自分にはない感情であった。私はハムを焼こうという感情すらわかない人間である。別に生で食べても腹は壊さないし、あったらパックから引きずりだしてモリモリ食べるだけである。
弟がつくったチャーハンをよそう。パラパラとした、美味しそうなチャーハンだった。食べながら私は思った。
弟が成長している。
前兆はあった。弟はMSSPというゲーム実況集団が好きで、そのメンバーのひとりが出した料理本を買い、せっかくだからとたまに料理をつくろうとしていた。当時はシャウエッセンがなにかしらの食品の名前だと勘違いしていたりと、私となにも変わらない料理ヌーブであり、失敗した料理を笑いながら食べていた。
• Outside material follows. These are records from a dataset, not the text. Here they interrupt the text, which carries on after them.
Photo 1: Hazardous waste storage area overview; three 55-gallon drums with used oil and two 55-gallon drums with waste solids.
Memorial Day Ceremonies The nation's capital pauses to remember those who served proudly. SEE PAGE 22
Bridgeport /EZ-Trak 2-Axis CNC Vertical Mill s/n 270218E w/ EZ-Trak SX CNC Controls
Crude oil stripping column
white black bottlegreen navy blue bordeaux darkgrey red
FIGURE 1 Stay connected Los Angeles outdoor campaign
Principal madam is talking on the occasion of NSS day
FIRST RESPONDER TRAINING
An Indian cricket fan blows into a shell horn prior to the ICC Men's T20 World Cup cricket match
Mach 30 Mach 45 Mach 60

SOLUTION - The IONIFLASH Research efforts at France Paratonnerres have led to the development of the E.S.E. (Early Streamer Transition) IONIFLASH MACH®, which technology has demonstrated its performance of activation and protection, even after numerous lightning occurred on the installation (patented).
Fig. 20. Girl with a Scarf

そんな弟がだ。いつのまにか普通に料理ができている。なんなら「料理本に載っていたから」とか「誰かに食べさせたいから」やら「ホワイトデーのお返しで」とかの理由もなく、昼食に、気が向いたから、冷蔵庫の中にあるありあわせのもので、なんとなく、チャーハンをつくったのである。
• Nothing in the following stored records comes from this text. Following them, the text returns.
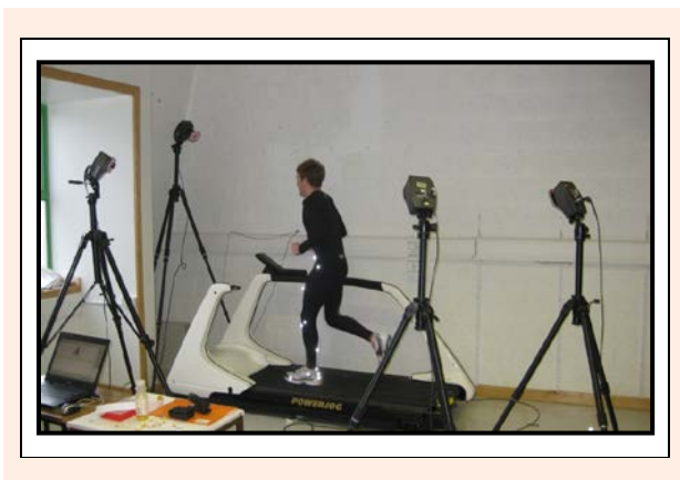
Figure 1. Treadmill, camera and marker experimental set up.

Participants ran for 5 minutes at a self-selected speed to warm up and familiarise themselves with the treadmill. Participants were then randomly assigned to undertake the barefoot or shod condition first in order to limit any potential order effects. Participants completed 2 minutes of running at 3.05 \text{ m}\cdot\text{s}^{-1} followed by a 2 minute rest period before undertaking 2 minutes of running at 4.72 \text{ m}\cdot\text{s}^{-1} . Following 2 minutes of stationary rest the same procedure was repeated for the remaining barefoot or shod condition. To standardise the shod condition all participants wore a neutral running shoe from a well-recognised manufacture (New Balance; MR350WR).
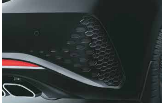
Sporty bumper design (turbo)
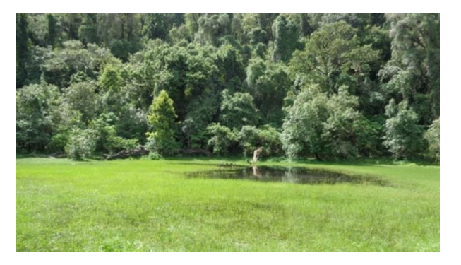
The epicentre of the forest trekking root

Mescha lodge is known as the place where 'Miracle Food That Saved the People of Mescha, /Manna/', like a miracle Mosses has received from God a supernatural food. Hence, the name has driven from this episode. It is located in one of the rift valley lines of the KBA with altitude of 2794masl. The campsite is adjacent to the forest with possibility of observing fascinating landscape, watching birds and also seeing of wildlife. In addition to this, area is very known by the 'Map of Ethiopia' depicted inside the forest, alleged to be in drawn in the late 19th century. It has a distance of 13km from the main road off and possibly used to walk through the valley either on foot or possibly use horse. You can back to Wof washa genet or Goshu-Meda lodge,

正直言って、私は弟に危機感を覚えた。なにかしら成長している覚えも感情もなく、日が上り降りていくのをただ眺めながらツイッターをしている最中に、弟は成長していたのである。弟は成長しているのに、私はこのままである。なにも変わらない。APEXのランクがプラチナ2になり喜んでいた昨日の私が非常にバカみたいだった。
なにかしらをしなければならない。
私も、社会的に、人間的に生きるのに必要な部分を成長させなければならない。このままではただの愚図になってしまう。
そう思った私は、弟にチャーハンをつくってくれたお礼とオーイシマサヨシがチャーハンをつくる動画を紹介して、ミスタードーナツに向かった。
そして今にいたる。
私はこれから「料理」というものに挑戦することにする。
もちろん、現実ではない。小説の文章ーーあるいは、エッセイの文章の中で、「虚構」で料理を行うのである。私は現実で生きるのが下手くそであることは自覚的なので、現実で頑張ろうとしたところで失敗するか、挫折するかのいずれかであることはやる前から分かっていることだ。
だからこそ「虚構」である。私は文章を書くこと自体は商業で小説を書いているという事実から、まあ、上手いほうなのではないか。という自負がある。というか上手くあってほしい。これがダメなら私に一体なにが残るというのだろう。全てのものを中途半端に投げ捨ててきた私に。
文章を書くのが上手い方。ならば、文章の中で描く料理は美味い方に転がってくれるのではないか。なんていう思惑だ。この時点で失敗しそうな臭いがぷんぷんとする。まあ、いいだろう。どうせ虚構だ。現実で失敗すれば食品を無駄にするなと怒られてしまうかもしれないが、虚構ならばデータを削除すればそこにあるのは無である。誰の迷惑にもならない。
それでは、始めることにしよう。
***
まずは現実の解像度をさらにさげることにする。一人称も「私」ではなく「僕」にする。なぜなら僕の書く小説の主人公は、だいたい一人称が僕だからだ。
僕にする理由はいくつかあるけれども、たとえば「神聖かまってちゃんの曲の一人称がだいたい『僕』だから」とか「西尾維新の小説の主人公の一人称はだいたい『僕』だから」とか、そんなのばかりだ。深い理由なんて特にない。
あと、文字の形が小説っぽい気がする。もある。俺ではなんか違うんだよな。なんか。ともかく、僕である。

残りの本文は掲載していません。